Is the end of "cheap China" imminent?

It was at the very outset of China’s world-changing program to enter the global market that Ross Garnaut was first briefed on Beijing’s plans.

In the three and a half decades since, the eminent Australian economist has been consistently upbeat about China’s chances of making it.

Only when the army massacred students in Tiananmen Square in 1989, prompting the leadership to question its entire strategy, did Garnaut hesitate.

But, of course, Beijing soon resumed its trajectory from a closed, rigid communist economy to an open, flexible market one.


China has been in and out of fashion many times with the financial markets over the decades since. Its irresistible rise confounded armies of analysts and swarms of savants, wrecking reputations across the Western world.

For instance, the author of the 2001 book The Coming Collapse of China, an American, Gordon Chang, predicted it had five years, 10 at the most. He’s since taken to writing annual explanations of why he’s not wrong, just premature.

But Garnaut, economic adviser to Bob Hawke and one-time Australian ambassador to Beijing, followed China’s transformation intimately and stayed positive throughout.

Until now. China, the world’s second-biggest economy, is now just a couple of years from eclipsing the US. On the current path, it will soon reclaim the title it lost in 1840 of being the biggest economy on earth.

But can it stay on that path? Garnaut says that apart from the Tiananmen moment, it’s “the first time in 35 years I’ve been worried about China’s outlook.”


His concern isn’t the one that the galah in every economic petshop has been squawking about for the past year or two, the slowdown in the growth rate from 10 per cent a year to a little over 7.

It’s the nature of China’s growth, not so much its speed, that troubles him.

For the past decade and a half, China’s economic growth has been based on the government’s response to two big economic disasters.

First was the Asian financial crisis of 1997-98; second was the global financial crisis of 2007-08.

Both times, China’s authorities overcame the effects by unleashing enormous stimulus programs.

“Those two big and brilliantly executed stimulus programs did what they were supposed to do – they kept growth going in China and its trading partners,” says Garnaut.
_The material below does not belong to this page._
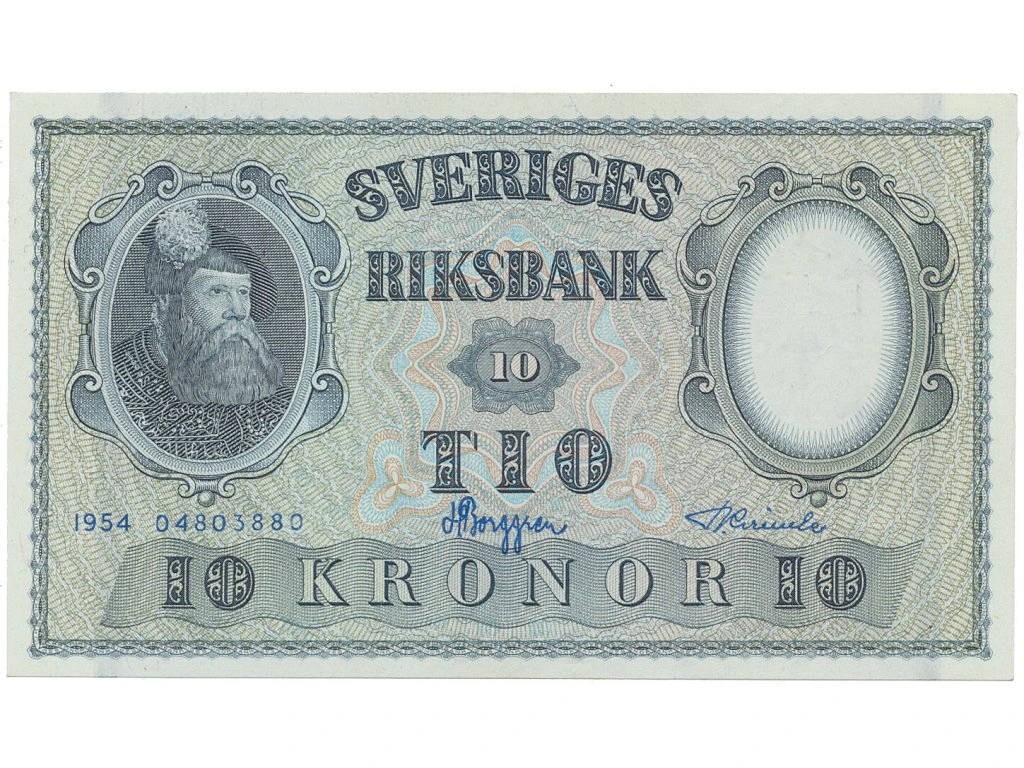 Švédsko, 10 Kronor 1954, modrý číslovač, P.43b

“China experienced extraordinary investment-led growth from the start of this century to 2011 – it was the strongest period of growth ever, in any significant economy.”
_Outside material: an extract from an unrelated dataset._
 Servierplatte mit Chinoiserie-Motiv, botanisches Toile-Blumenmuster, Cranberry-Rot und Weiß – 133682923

And because investment favoured enormous infrastructure projects that are greedy for energy and metals, “it was also the most metals-intensive and energy-intensive growth burst the world has ever seen".
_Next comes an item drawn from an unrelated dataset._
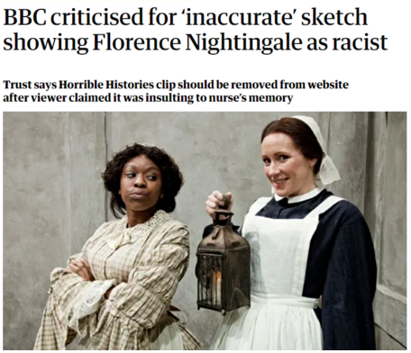 Earlier in 2014, the BBC was criticized for a sketch which depicted Florence Nightingale as racist, which viewers claimed was insulting to nurse's memory. The BBC apologized, admitted that the content was biased and withdrew the episode.
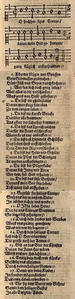 Aus den sieben Strophen von 1600 waren 1631 schon 18 geworden. Die ersten drei – die auch die Gotteslobfassung eröffnen – erinnern, in Anrede an das Kreuz, die Passion Jesu und bekennen in Form einer rhetorischen Frage die Unmöglichkeit, die Heilsbedeutung des Kreuzes „genug [zu] loben“. Daran schließt sich eine prinzipiell unabschließbare Reihe von Bildern für diese Heilsbedeutung an (Strophen 4–10): „Du bist“ Leiter, Brücke, Siegeszeichen, Himmelsschlüssel, Helm und Schild,[1] Pilgerstab, süßes Bett.[1] Nach einem erneuten Gruß an das Kreuz und Bitte um Hilfe in der Sterbestunde (Strophe 11)[1] folgt ein an Jesus selbst gerichtetes Gebet um Schutz im Leben und im Sterben mit Fürbitte für die Armen[1] und – Reflex der Türkenkriege – für die verfolgten Christen[1] (Strophen 12–17). Von diesem Jesusgebet finden sich die letzten beiden Strophen auch in der Gotteslobfassung, hier jedoch weiterhin an das Kreuz gerichtet.[2]

“That’s where Australia got its mining boom,” supplying those Chinese needs, says Garnaut.

In the middle of this burst of government-engineered growth, wages in China started to grow faster than productivity and labour shortages appeared for the first time.

The country whose great global advantage had been endless supplies of cheap labour suddenly ran out of it from about 2008.

In his book The End of Cheap China, the American Shaun Rein begins by recounting that 20 years ago he had to deflect legions of “gorgeous young prostitutes” whenever he stayed in a Chinese hotel.

Today, says Rein, prostitutes no longer pursue hotel guests and the only ones in evidence are as old and paunchy as their clients. This is his opening indicator of rising demand and rising wages for workers in China.

He reports that labour shortages are the biggest single problem for most major foreign firms doing business there.

China’s leadership achieved important things in this phase of growth, says Garnaut in setting out his latest view this month to the inaugural seminar of the Centre for Contemporary China Studies at the University of Melbourne.

Not only did it make China a great economic power, it addressed two of the nastiest symptoms of its breakneck growth. One, rising real wages and better rural services halted the widening of the gap between rich and poor, one of the most extreme in the world.

Two, the government started to address some of the more shocking environmental disasters. The intensity of coal-burning in making electricity, for instance, is being reduced.

The bad news?

“The downside is that the big stimulus cut across the market sector and reinforced the role of the state in the economy,” Garnaut concludes.

In other words, China’s progress from a state-dominated economy to a flexible market-dominated one halted, and went backward.

“It cuts across the good intentions of deepening the role of markets in allocating resources,” says Garnaut.

Investment now equals about half of China’s annual output, the biggest proportion in recorded economic history, with the exception of a brief period in Singapore, says Garnaut.

Investment itself is not a bad thing; unproductive investment that stiffens the state sector at the expense of the market is.

Garnaut fears that China’s current slowdown might panic the government into yet another big wave of stimulus. That might hold up the growth rate, but “with the emphasis again on indiscriminate state-connected expansion”, reinforcing the problem with the structure.

“The leadership under Xi Jinping has the right reform agenda, but it’s easier said than done” as powerful interests resist restructuring.

The ferocity of the anti-corruption campaign illustrates the power struggle that’s under way, as well as the government’s determination to deliver.

“This doesn’t necessarily mean that China will fail; it is a worrying sign that we need to keep an eye on. We won’t know for a while whether China can overcome it.”

If it can’t, Gordon Chang and all the legions of doomsayers will indeed be shown not to be wrong but just premature.

Peter Hartcher is the international editor.